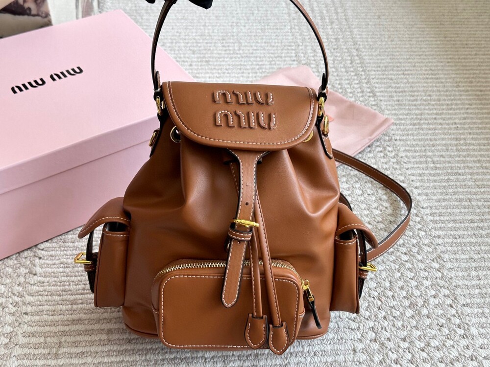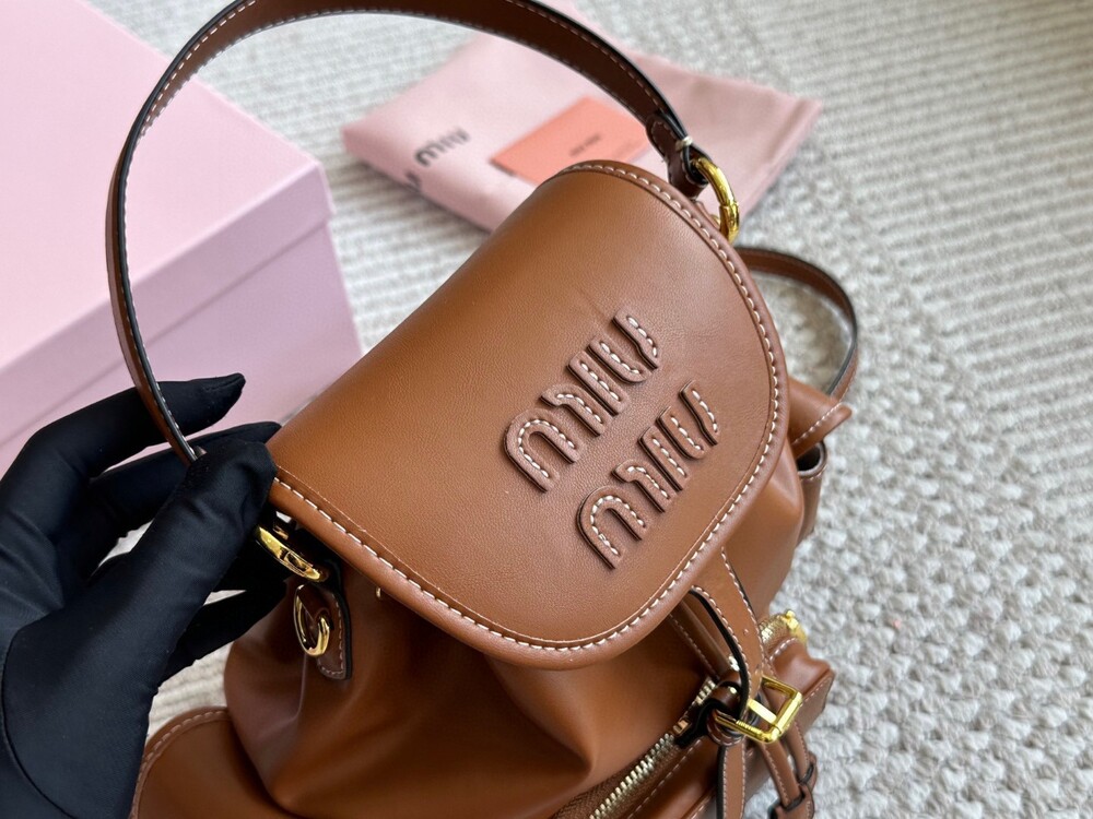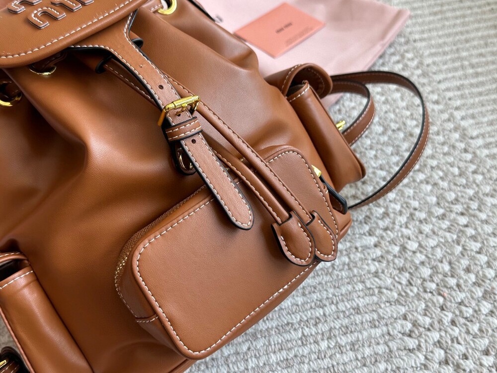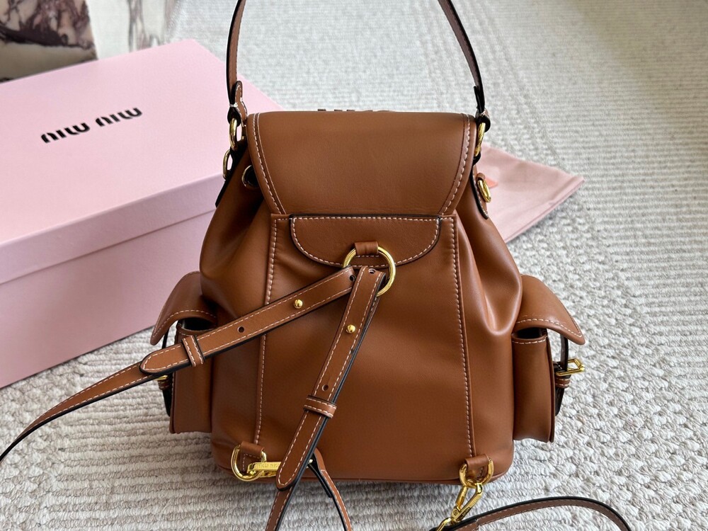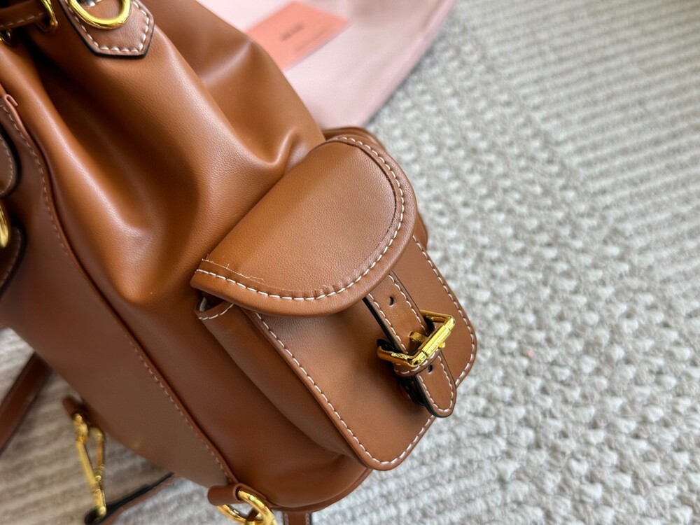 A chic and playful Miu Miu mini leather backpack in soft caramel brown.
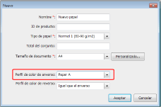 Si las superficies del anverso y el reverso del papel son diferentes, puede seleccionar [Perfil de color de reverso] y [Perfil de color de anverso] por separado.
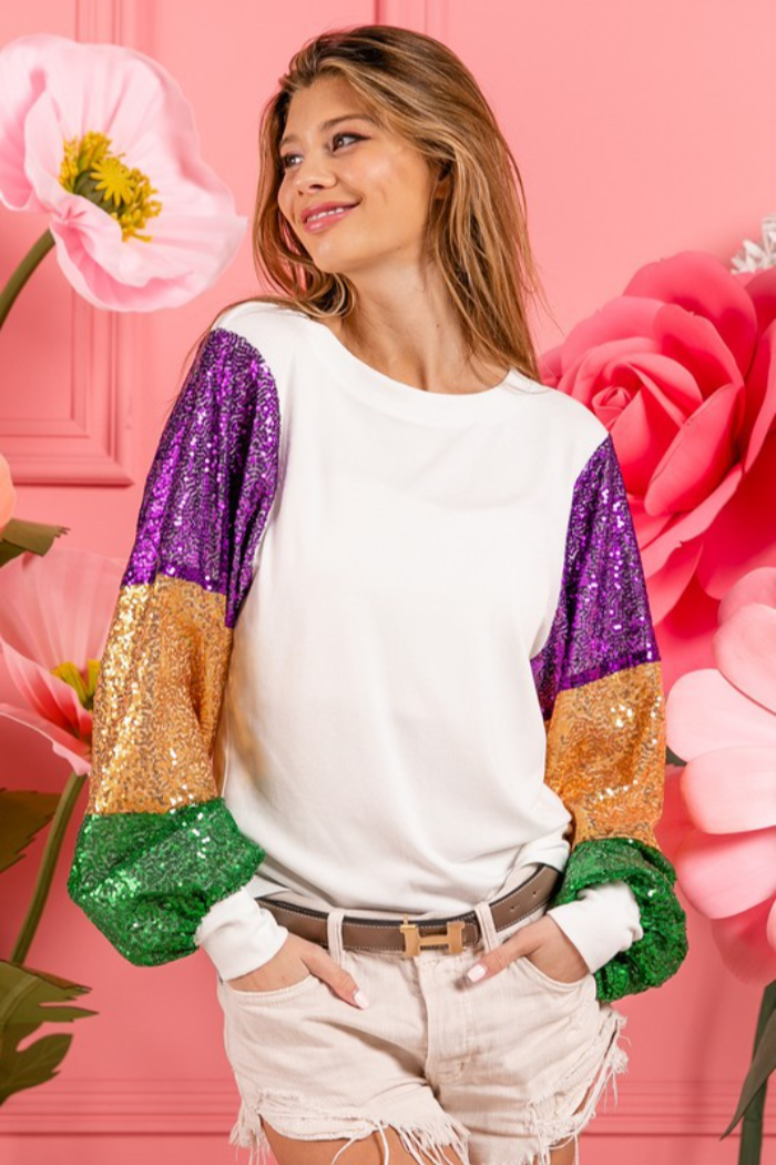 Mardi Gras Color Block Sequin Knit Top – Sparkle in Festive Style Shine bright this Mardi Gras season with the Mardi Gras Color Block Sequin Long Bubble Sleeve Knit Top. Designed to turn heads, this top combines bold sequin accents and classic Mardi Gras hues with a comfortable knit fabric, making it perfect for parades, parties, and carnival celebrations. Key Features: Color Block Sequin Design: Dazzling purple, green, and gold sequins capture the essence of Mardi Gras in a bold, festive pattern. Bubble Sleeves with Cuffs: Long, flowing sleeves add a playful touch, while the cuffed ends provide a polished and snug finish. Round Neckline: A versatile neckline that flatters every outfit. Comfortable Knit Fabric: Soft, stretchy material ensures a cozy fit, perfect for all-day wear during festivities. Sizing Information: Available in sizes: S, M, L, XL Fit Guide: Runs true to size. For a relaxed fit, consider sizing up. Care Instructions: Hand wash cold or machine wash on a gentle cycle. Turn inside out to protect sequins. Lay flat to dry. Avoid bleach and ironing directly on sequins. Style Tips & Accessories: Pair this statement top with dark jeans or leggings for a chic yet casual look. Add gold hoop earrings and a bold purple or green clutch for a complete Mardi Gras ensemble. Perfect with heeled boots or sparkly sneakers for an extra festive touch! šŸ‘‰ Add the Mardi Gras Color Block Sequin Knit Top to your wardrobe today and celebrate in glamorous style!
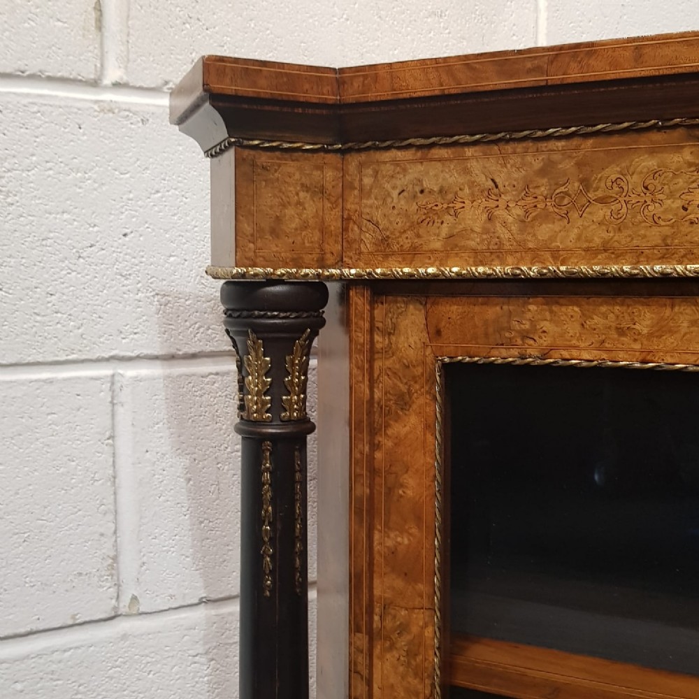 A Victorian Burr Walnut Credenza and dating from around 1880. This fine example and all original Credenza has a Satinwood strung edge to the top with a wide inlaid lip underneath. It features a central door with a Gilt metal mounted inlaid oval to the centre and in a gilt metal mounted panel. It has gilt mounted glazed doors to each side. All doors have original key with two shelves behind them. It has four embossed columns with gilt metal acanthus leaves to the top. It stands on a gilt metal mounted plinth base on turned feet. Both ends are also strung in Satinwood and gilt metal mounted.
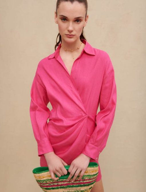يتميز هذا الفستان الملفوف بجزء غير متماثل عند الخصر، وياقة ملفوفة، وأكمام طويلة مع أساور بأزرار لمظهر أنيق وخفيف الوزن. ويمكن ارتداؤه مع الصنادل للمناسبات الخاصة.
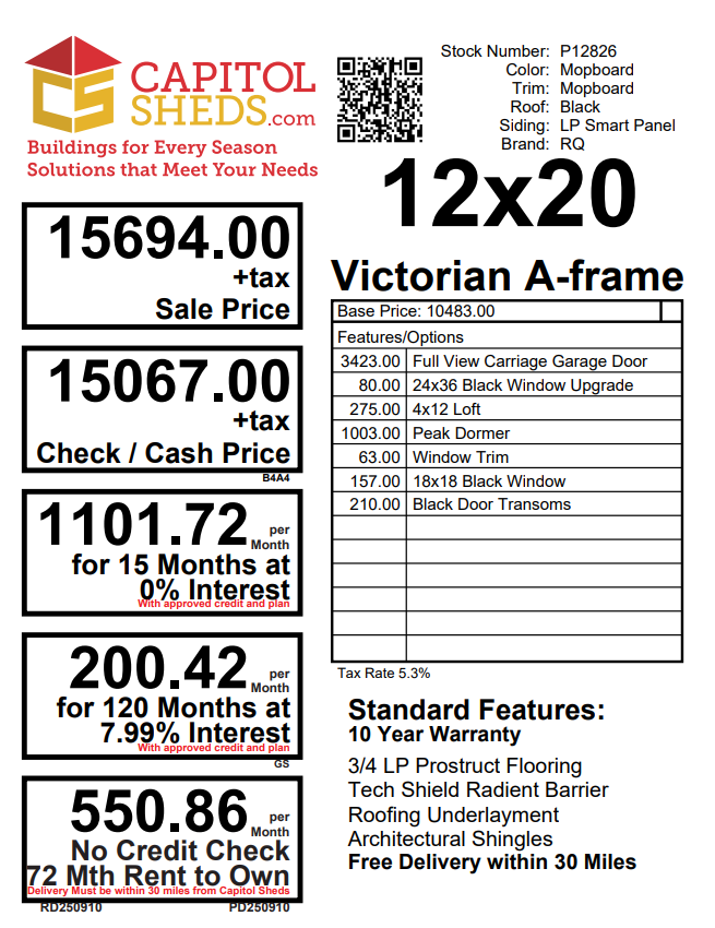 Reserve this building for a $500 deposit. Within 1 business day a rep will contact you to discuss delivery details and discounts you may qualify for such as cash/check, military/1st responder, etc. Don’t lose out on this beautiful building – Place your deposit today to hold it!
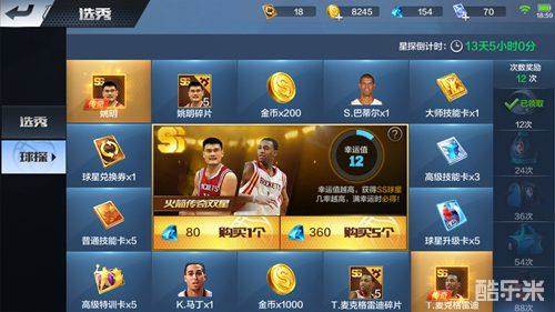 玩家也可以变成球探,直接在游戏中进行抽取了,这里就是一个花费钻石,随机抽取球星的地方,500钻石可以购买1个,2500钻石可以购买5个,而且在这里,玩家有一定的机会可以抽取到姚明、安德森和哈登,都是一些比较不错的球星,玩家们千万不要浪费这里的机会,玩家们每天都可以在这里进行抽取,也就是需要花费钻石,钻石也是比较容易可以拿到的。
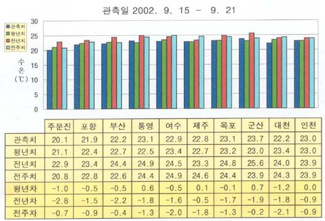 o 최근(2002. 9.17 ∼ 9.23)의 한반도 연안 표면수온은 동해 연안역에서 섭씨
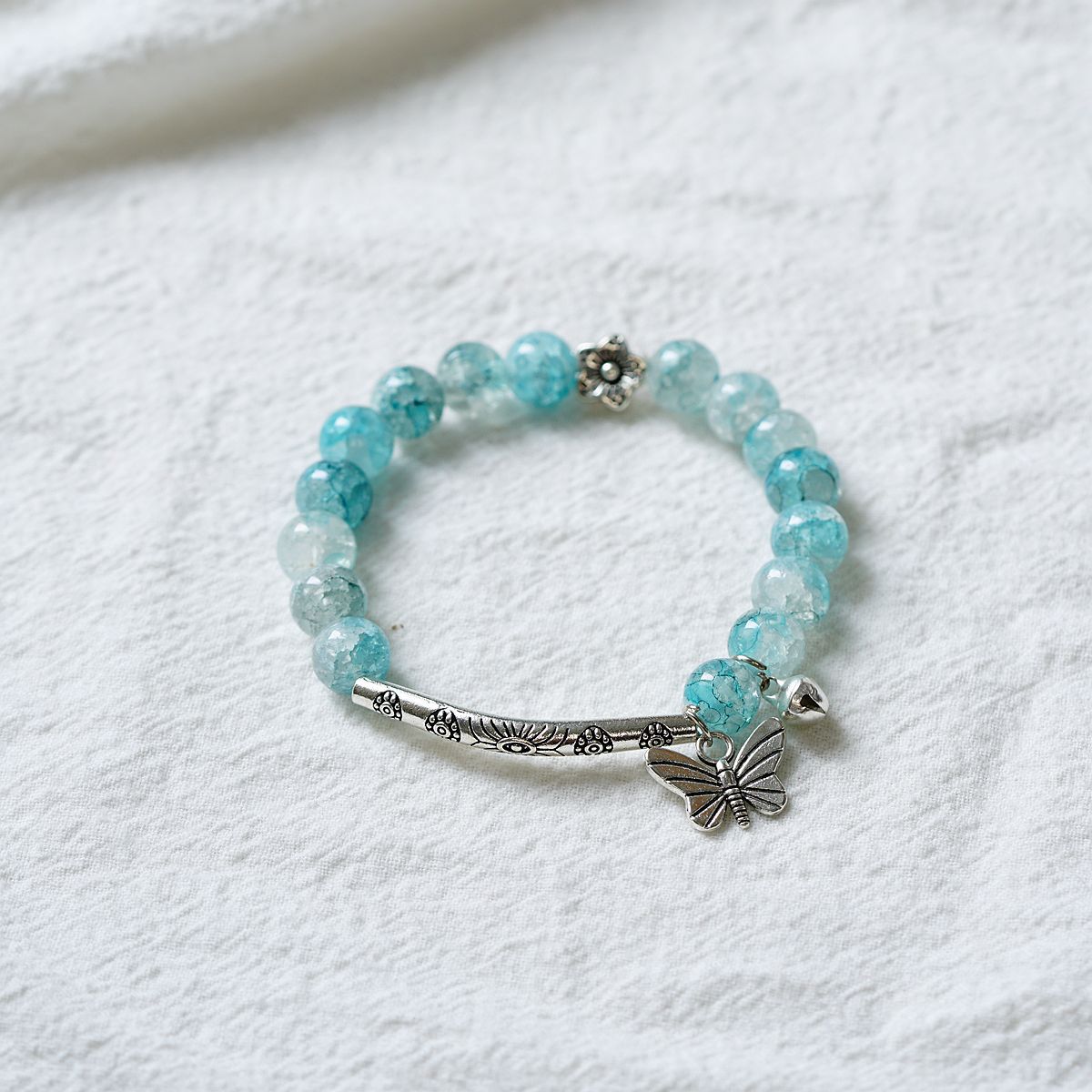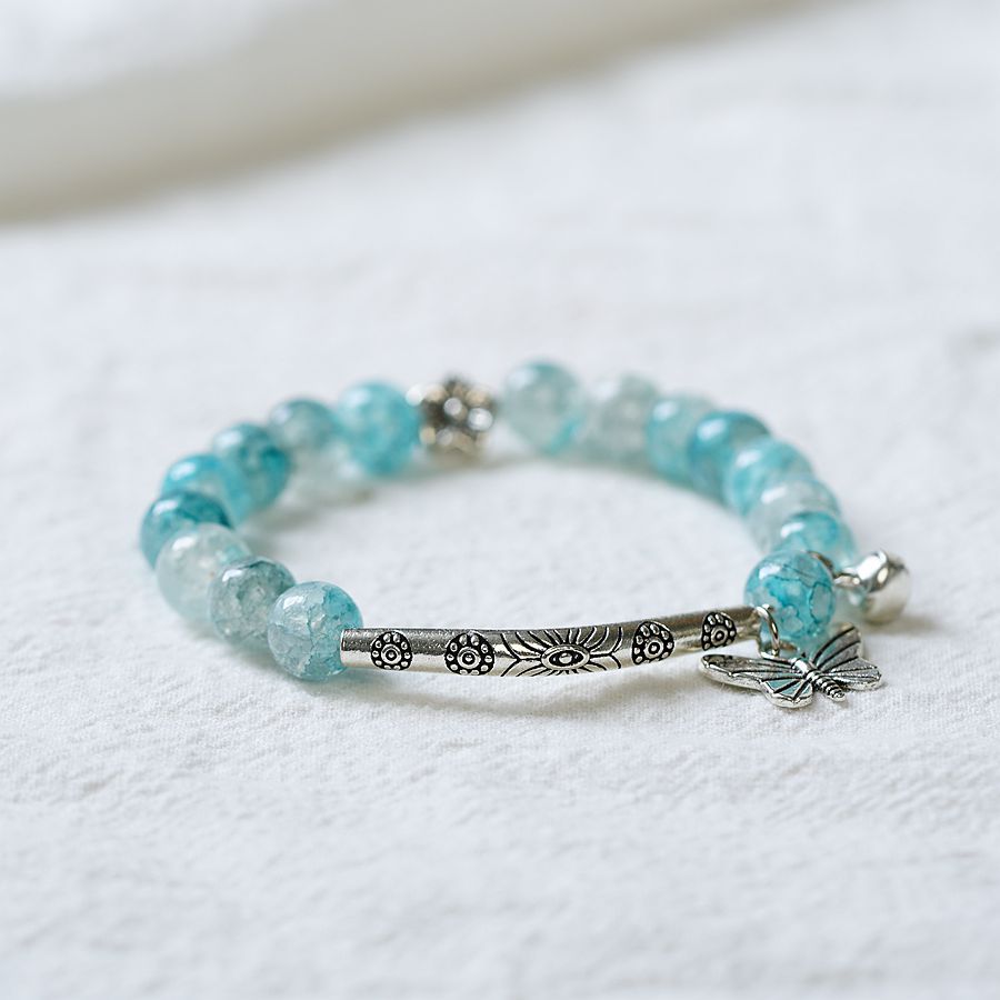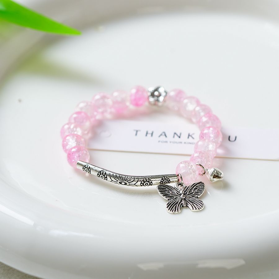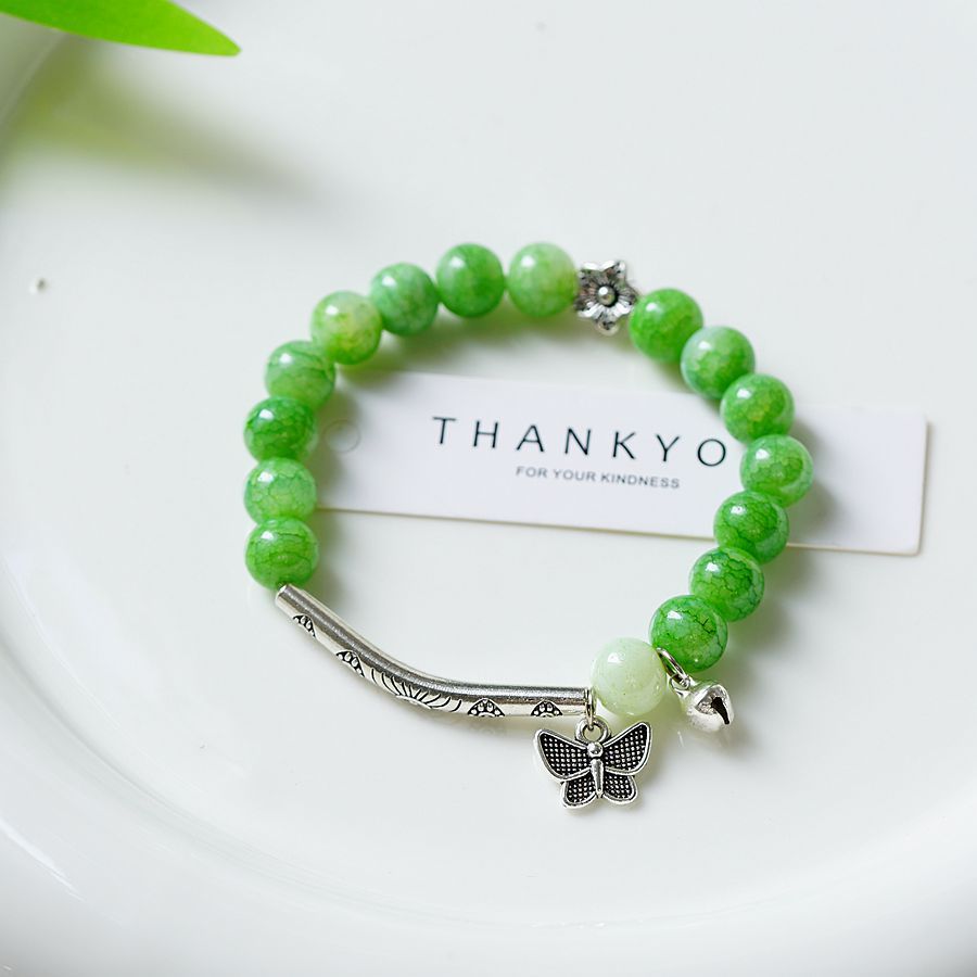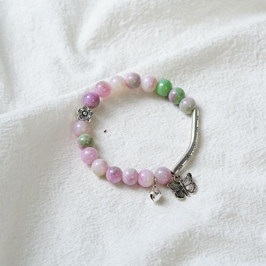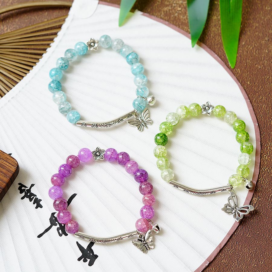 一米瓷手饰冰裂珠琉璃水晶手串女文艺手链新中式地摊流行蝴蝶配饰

---------------

## What is required
Leave out the pictures. Transcribe only the lines above, from the first through the one that contains "Si las superficies".

## Written reply
 A chic and playful Miu Miu mini leather backpack in soft caramel brown.
 Si las superficies del anverso y el reverso del papel son diferentes, puede seleccionar [Perfil de color de reverso] y [Perfil de color de anverso] por separado.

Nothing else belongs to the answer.